Concurrent kernel/optix launch

So this might be a generic CUDA question, but my understanding is that a necessary condition for concurrent kernel execution is that there must be sufficient resources for different kernels. Does that mean the most aggressive code generation for each kernel might not be optimal in that each kernel would be consuming a lot of resources (e.g., registers) that prevents concurrent kernel execution?

I am asking this because I have two back to back optixLaunch in two streams that I was expecting to be executed concurrently. From NSight, I can see that the first launch has a grid size of [90, 1, 1] and block size of [64, 1, 1] and the second launch has a grid size of [85, 1, 1] and a block size of [64, 1, 1]. So by all accounts they seem to be small kernels. But both kernels do consume 106 register/thread as reported in Nsight, which I suspect is what’s preventing the two kernels to be executed concurrently.

Is this a correct understanding?

For concurrent kernel execution in OptiX, you must have separate pipelines for each kernel, otherwise if there is only one pipeline, the kernels will execute serially.

The registers per thread isn’t very likely to affect your ability to have concurrent kernel launches. The number of registers affects your occupancy on the CUDA cores, but doesn’t affect what happens when there are free CUDA cores waiting for work.

That said, CUDA scheduling doesn’t guarantee that concurrently launched kernels will actually execute in parallel. It’s common for the first kernel to occupy all of the cores (if you launched more threads than cores) until it’s near completion, before starting to execute work in a queued up kernel.

Are your small kernels expected to execute for long enough that you would be able to see concurrent execution? With kernels that small, if the workload is light, the first kernel launched may easily finish before the second kernel is even scheduled. The launch time overhead depends on CPU, PCI version, GPU model, etc, but is normally in the tens of microseconds range.


Oh that’s great to know. Thank you. I assume the kernels still have to put in different streams, in addition to being in different pipelines? Also do the different pipelines have to be in different contexts?

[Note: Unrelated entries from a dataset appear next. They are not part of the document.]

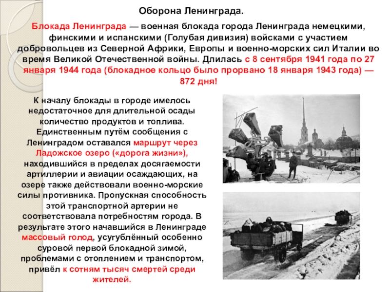 К началу блокады в городе имелось недостаточное для длительной осады количество продуктов и топлива. Единственным путём сообщения с Ленинградом оставался маршрут через Ладожское озеро («дорога жизни»), находившийся в пределах досягаемости артиллерии и авиации осаждающих, на озере также действовали военно-морские силы противника. Пропускная способность этой транспортной артерии не соответствовала потребностям города. В результате этого начавшийся в Ленинграде массовый голод, усугублённый особенно суровой первой блокадной зимой, проблемами с отоплением и транспортом, привёл к сотням тысяч смертей среди жителей.
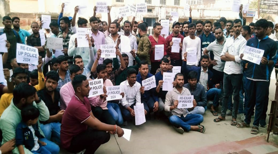 आजमगढ़। आज दोपहर में कलेक्ट्रेट के सामने यूपी पुलिस सिपाही भर्ती परीक्षा देने वाले अभ्यर्थीं सैंकड़...
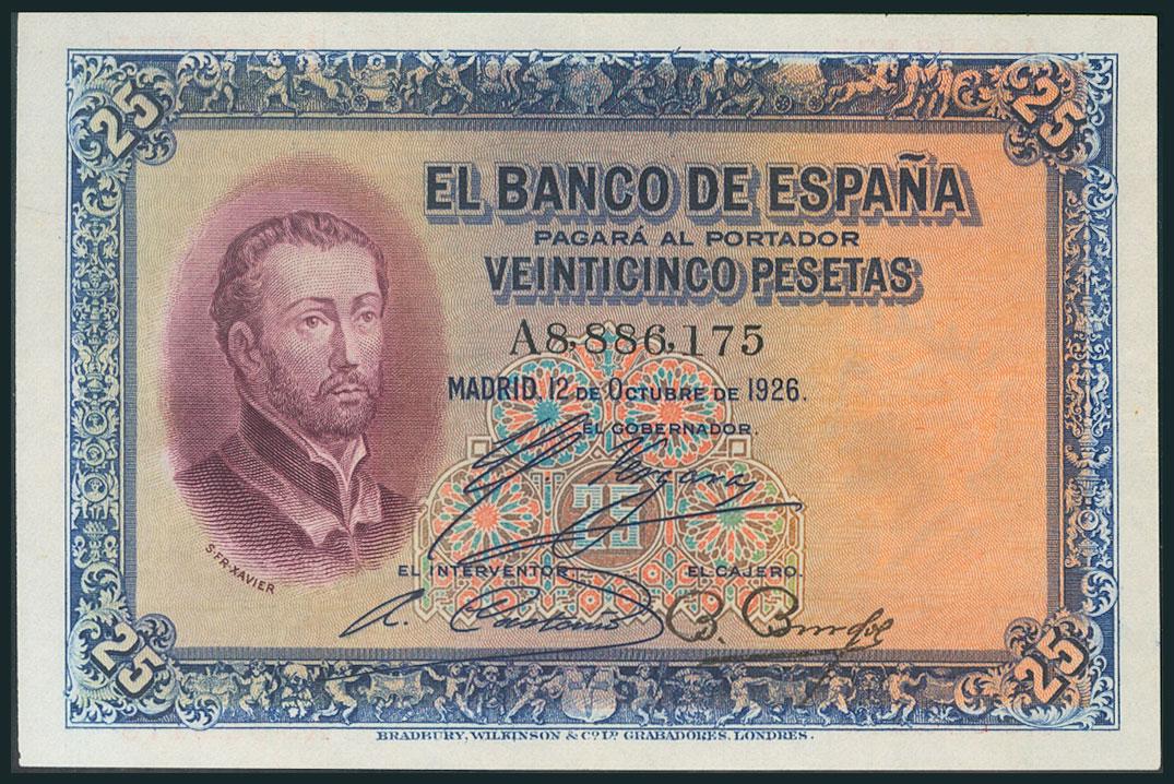 25 Pesetas. 12 de Octubre de 1926. Serie A. (Edifil 2017: 325a). Apresto original. Raro así. EBC+.
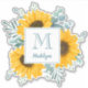 Este adesivo personalizado apresenta um girassol moderno, folhas e design folhagem com monograma. Personalize-o com seu nome e inicial.
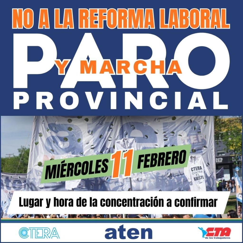 El gremio docente neuquino ATEN anunció un paro provincial y una movilización para el próximo miércoles 11 de febrero en rechazo al proyecto de reforma laboral que se debatirá en el Congreso de la Nación. A la medida también se sumaron los docentes universitarios nucleados en la CONADU Histórica, en el marco de una jornada nacional de protesta.
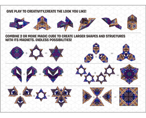 1 cube transforms into over 70 shapes. Combine 2 or more cube to build larger shapes and create more possibilities. Can you master the shape shifting box?
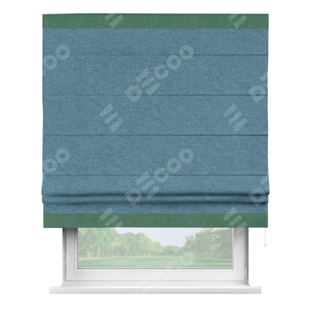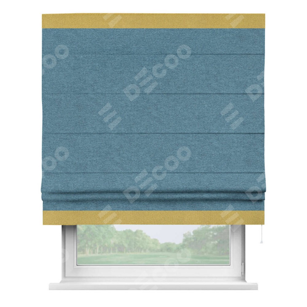 Римская штора пошита из ткани твид блэкаут светло-синий, артикул: 90935, с отделкой кантом «Горизонт» предлагает уникальное дизайнерское решение, при котором кант располагается только вверху и снизу шторы. Такое решение делает акцент на горизонтальных линиях, визуально расширяя пространство и придавая окну более строгий и организованный вид. Отделка кантом в этих ключевых местах не только украшает штору, но и способствует её долговечности, защищая наиболее уязвимые к износу края.
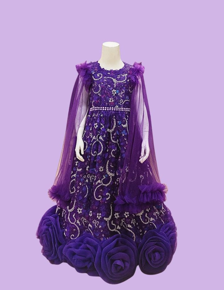 Crafted with love and attention to detail, the gown features a luxurious, full-length flared skirt made with layers of soft net and satin for a dreamy silhouette. The fitted bodice is adorned with delicate embellishments such as lace, sequins, or floral appliqués (design may vary), adding a touch of sparkle and sophistication. A soft inner lining keeps the dress breathable and gentle on your child's skin, ensuring all-day comfort while twirling, dancing, or posing for pictures.
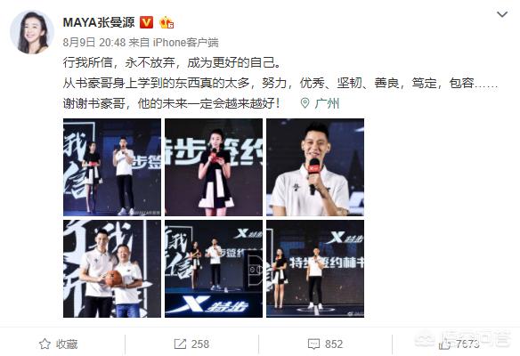 事情还要回溯到8月9日,当天张曼源发布了一条微博,这条微博是林书豪被国内某一运动品牌签约的事。她在微博上晒出与林书豪的多张合照,并且赞美了林书豪,还感谢了他。可以看到,当时张曼源是发布会的主持人。
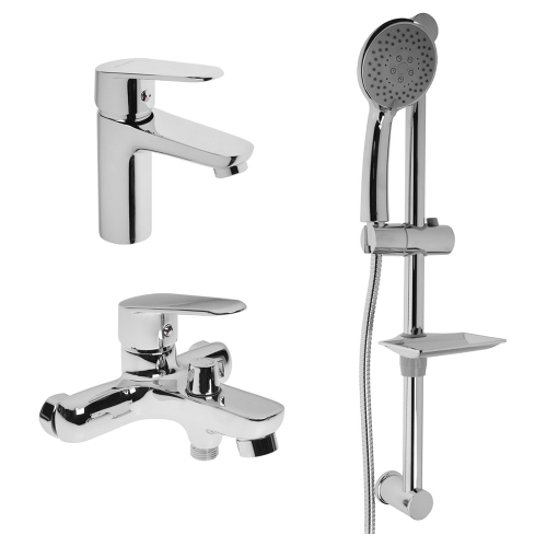 смеситель для ванны; смеситель для раковины; душевая штанга; комплект эксцентриков; комплект гибкой подводки; шланг; комплект креплений; ручная лейка; инструкция.
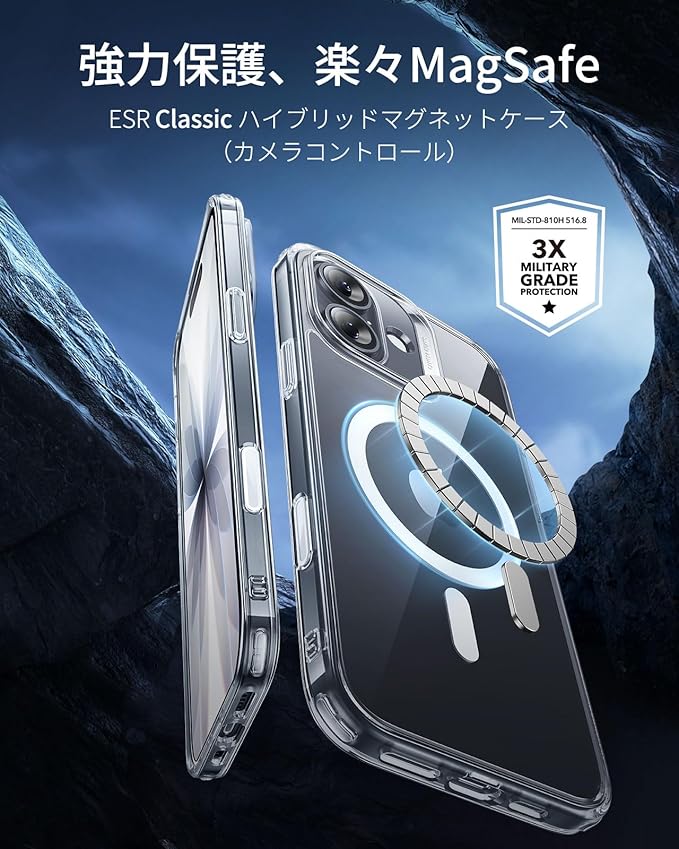 【3倍米軍MIL規格・MagSafe対応】ESR iPhone 17 ケース ワイヤレス充電 iphone17用 カメラボタン付き SGS認証 エアガードコーナー 黄変防止 耐衝撃 PC背面TPUバンパー 指紋防止 高耐久性 マグネットスマホケース Qi2.2対応 最大25W高速充電 マグセーフ いphone17ケース アイフォン17専用Classicシリーズ(クリア)
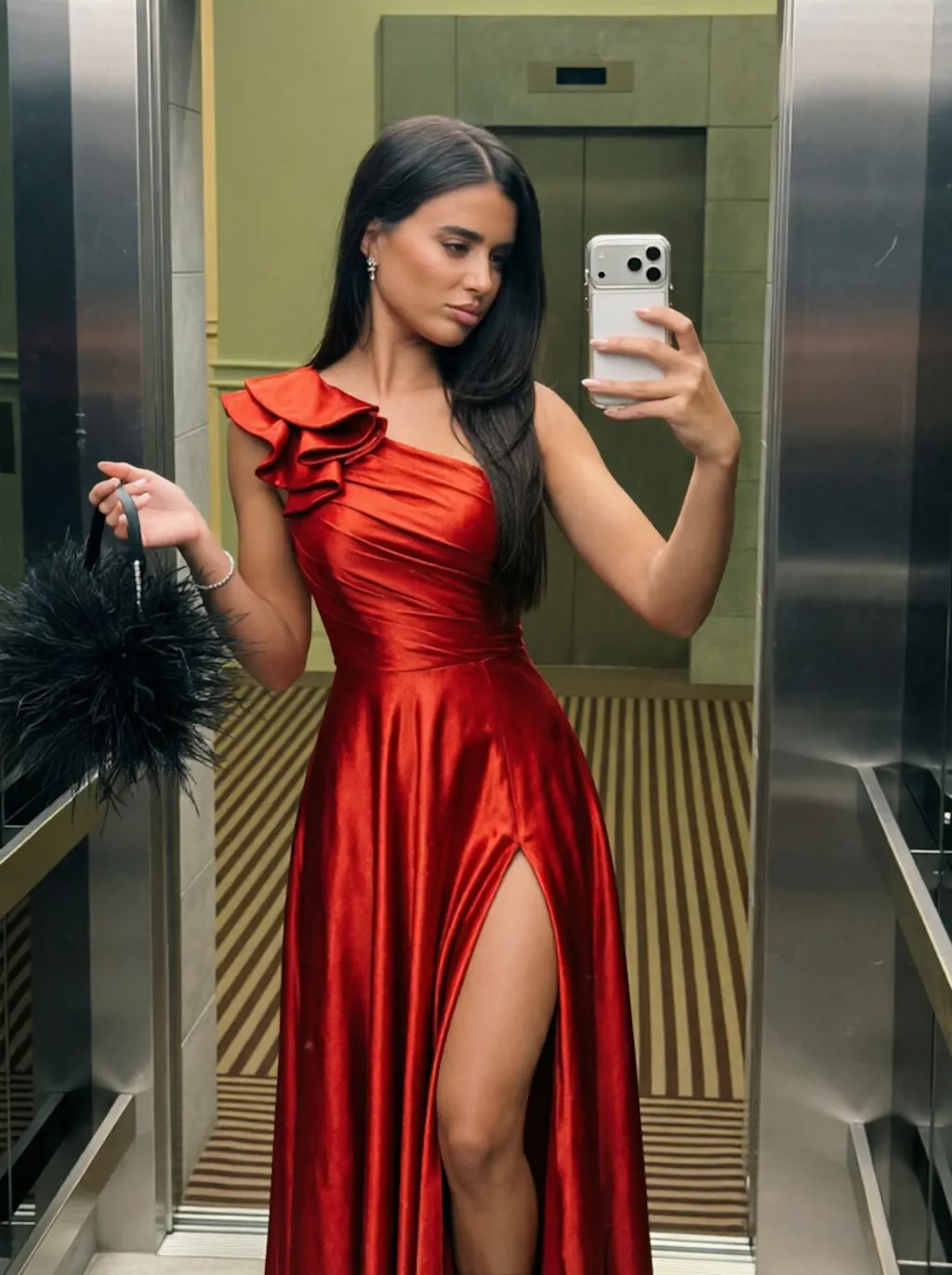 #N342312 A-Line/Princess One-Shoulder Sleeveless Floor-Length Prom Evening Dresses with Ruffles

Yeah, correct, you’ll need separate streams as well. Kernels (and CUDA API calls) issued on a single stream will automatically serialize. You do not need separate contexts.


Explained here as well:

Thanks. Yeah I was able to put different kernels into different pipelines and they can be overlapped. One question, is creating and managing optix pipelines of high overhead? One strategy is conventional CUDA programming seems to be overscribing streams to give kernels a chance to overlap and let the run-time system do the scheduling. Does that apply to optix pipelines?

Generally speaking, yes, the OptiX strategies are similar to CUDA strategies, and you can gain some performance by queueing up extra work in advance. This is especially true if you have gaps in between serial kernel launches, dependencies on CPU-GPU I/O, or if you have kernels with long-tail behavior where some threads can last much longer than others. If unsure, you can identify whether you have GPU idle time such as gaps between kernels using Nsight Systems. In typical scenarios, 2-4 concurrent kernels launches is enough to fully saturate the GPU and any more than that is not likely to help.